УДК 82:1
DOI: 10.28995/2686-7249-2023-3-377-385
Мена имен: Хлебников, Асеев и Библер
Александр В. Марков Российский государственный гуманитарный университет, Москва, Россия, markovius@gmail.com
Аннотация. Философ В.С. Библер с опорой на Хлебникова развивал учение о двойственности глагольной семантики: указание на формальное действие и перформативное производство действия. Поэтическая этимология позволяла выделить неизменное ядро указания на свойства вещи и изменчивые элементы перформативности. Но такое специфическое понимание социальной перформативности глагола развивается не столько Хлебниковым, сколько Николаем Асеевым в учении о «мене имен», где приведены примеры, совпадающие с примерами Библера. Библер помещает Асеева и других футуристов в тень Пастернака, потому что распространяет учение о двойном действии на историю мысли, создавая ряд гипотез об особенностях развития русской мысли ХХ в. Мы можем говорить о поэтической истории мысли как изобретении Библера. Идея Библера продуктивна для филологического анализа, потому что требует наравне с синтагматичностью высказывания выделять парадигматичность перфор-мативных приемов, что позволяет непротиворечиво анализировать как русскую поэзию авангарда, так и позднейшую поэзию.
Ключевые слова: Библер, Асеев, Хлебников, поэтическая этимология, философия языка, перформативность, авангард
Для цитирования: Марков А.В. Мена имен: Хлебников, Асеев и Библер // Вестник РГГУ. Серия «Литературоведение. Языкознание. Культурология». 2023. № 3. Ч. 3. С. 377-385. DOI: 10.28995/2686-7249-2023-3377-385
Change of names. Khlebnikov, Aseev, and Bibler
Aleksandr V. Markov Russian State University for the Humanities, Moscow, Russia, markovius@gmail.com
Abstract. The philosopher V.S. Bibler, relying on Khlebnikov, elaborated on the duality of verbal semantics: indication of formal action and performative production of action. The poetic etymology helped to distinguish the unchanging
© Марков А.В., 2023
core of the indication of the properties of the thing and the changeable elements of performativity. But such a specific understanding of the social performativity of the verb was developed not so much by Khlebnikov as by Nikolai Aseev in his doctrine of the change of names, which gives examples that coincide with those of Bibler. Bibler places Aseev and other futurists in the shadow of Pasternak because of the extension of the doctrine of double action to the history of thought, making a number of hypotheses about the specifics of the development of twentieth-century Russian thought. We may speak of the poetic history of thought as an invention of Biebler. Bibler's idea is prolific for philological analysis because it permits us, along with the syntagmaticity of the utterance, to single out the paradigmaticity of performative techniques, which facilitates a consistent analysis of both the Russian avant-garde poetry and the later poetry.
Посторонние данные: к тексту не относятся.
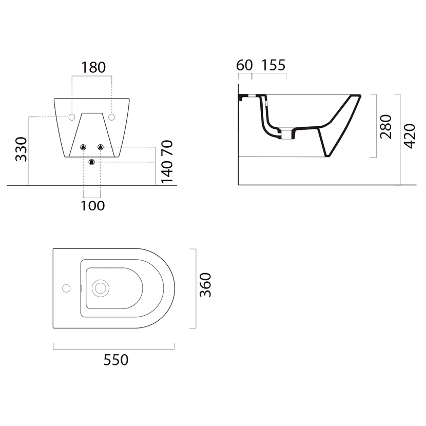 Parametry produktu KUBE X bidet závěsný 36x55cm, bílá ExtraGlaze
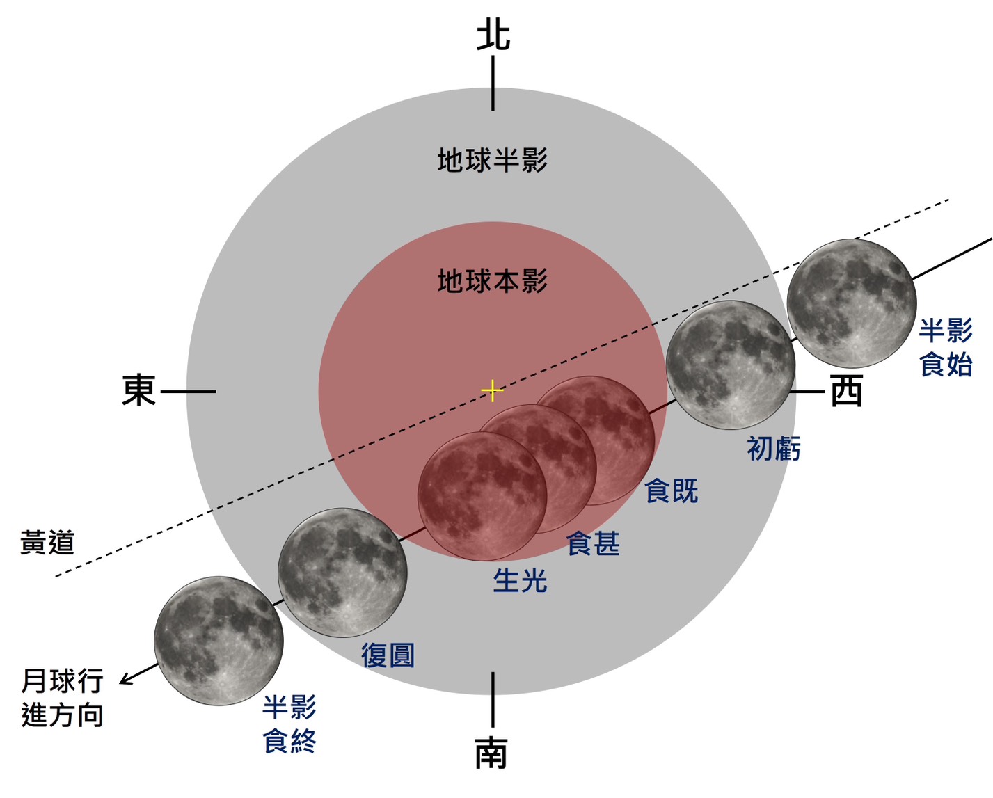 氣象署指出,由於三日當天的「半影食始」階段尚未月出,因此將無法見到此階段食相,十七時五十分左右月亮東升時,就已進入初虧階段,天文上稱為月出帶食。
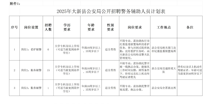 原文標(biāo)題:大新縣公安局公開(kāi)招聘警務(wù)輔助人員公告
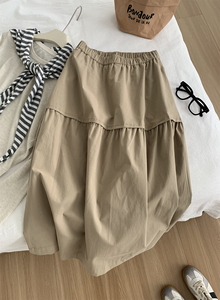 小红薯热卖日系简约宽松慵懒风高腰半身裙女秋季口袋卡其色裙子新
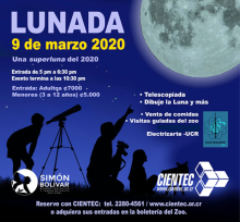 Para apoyar la observación de la llamada "Superluna", en su segundo perigeo más cercano del año, el Zoo Nacional Simón Bolívar y CIENTEC organizan una Lunada el 9 de marzo en la noche.
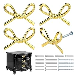 Foyofly 4 Set Gold Bow Dresser Knobs Cute Drawer Knobs Gold Decor Drawer Zinc Alloy Brushed Brass Hardware Handles Pulls Vintage Cupboard Drawer Knob for Kitchen Cabinets Home Bedroom (4, Gold)
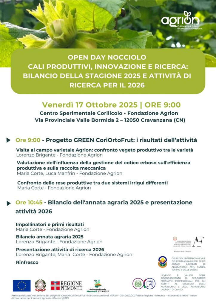 La sezione corilicola di Fondazione Agrion organizza un Open Day, venerdì 17 ottobre, presso la propria sede in Strada provinciale valle Bormida 2, Cravanzana (CN).
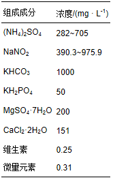 CANON工藝的啟動階段采用人工模擬高氨氮廢水.啟動完成后,利用某石化公司石油裂化催化劑生產(chǎn)廢水對微生物進(jìn)行馴化,廢水日產(chǎn)量約為15.6×103 m3.模擬高氨氮廢水的水質(zhì)如表 1所示(于英翠等,2012),微量元素成分見表 2.

Keywords: Bibler, Aseev, Khlebnikov, poetic etymology, philosophy of language, performativity, avant-garde
For citation: Markov, A.V. (2023), "Change of names. Khlebnikov, Aseev, and Bibler", RSUH/RGGU Bulletin. "Literary Theory. Linguistics. Cultural Stu-dies" Series, no. 3, part 3, pp. 377-385, DOI: 10.28995/2686-7249-2023-3-377-385
В.С. Библер в своих фундаментальных работах [Библер 1975; Библер 1991] часто цитирует поэтов, прежде всего Хлебникова и Пастернака, но по-разному. Пастернак для него совпадает с самой жизнью: спонтанность, избыточность, смешение чувств и слов -все это есть в природе и тем более должно быть продолжено в обществе. Если верить Библеру, неокантианское и бахтинское различение данности и заданности у Пастернака доведено до предела именно потому, что всякое должное возникает там, где сущее, - но сразу проецируется в мир людей, исчезает в своей прежней самотождественности в лакунах внутренней речи и возрождается для того, чтобы определить истинные события человеческого диалога. Так сходятся реальность в ее «смутной естественности» и речь в ее честной социальной прямоте [Библер 1991, с. 50]. Тогда как Хлебников, напротив, всякий раз расходится с жизнью, создавая «очень глубокие образы речи-мышления» [Библер 1975, с. 373], он конструктивист и утопист, который не создает никакой задан-ности, но смотрит в каждом своем высказывании, как данность работает, как она догоняет себя или оказывается чем-то большим, чем она сама. Именно такое медленное, мучительное, трудовое растождествление данности и оказывается для Библера началом анализа природы диалога. Библер и создает вокруг Хлебникова ту систему интерпретаций, которая сопоставима, например, с интерпретациями Целана во французской теории. При этом, если сюжет
французских интерпретаций ясен, то сюжет Библера требует реконструкции.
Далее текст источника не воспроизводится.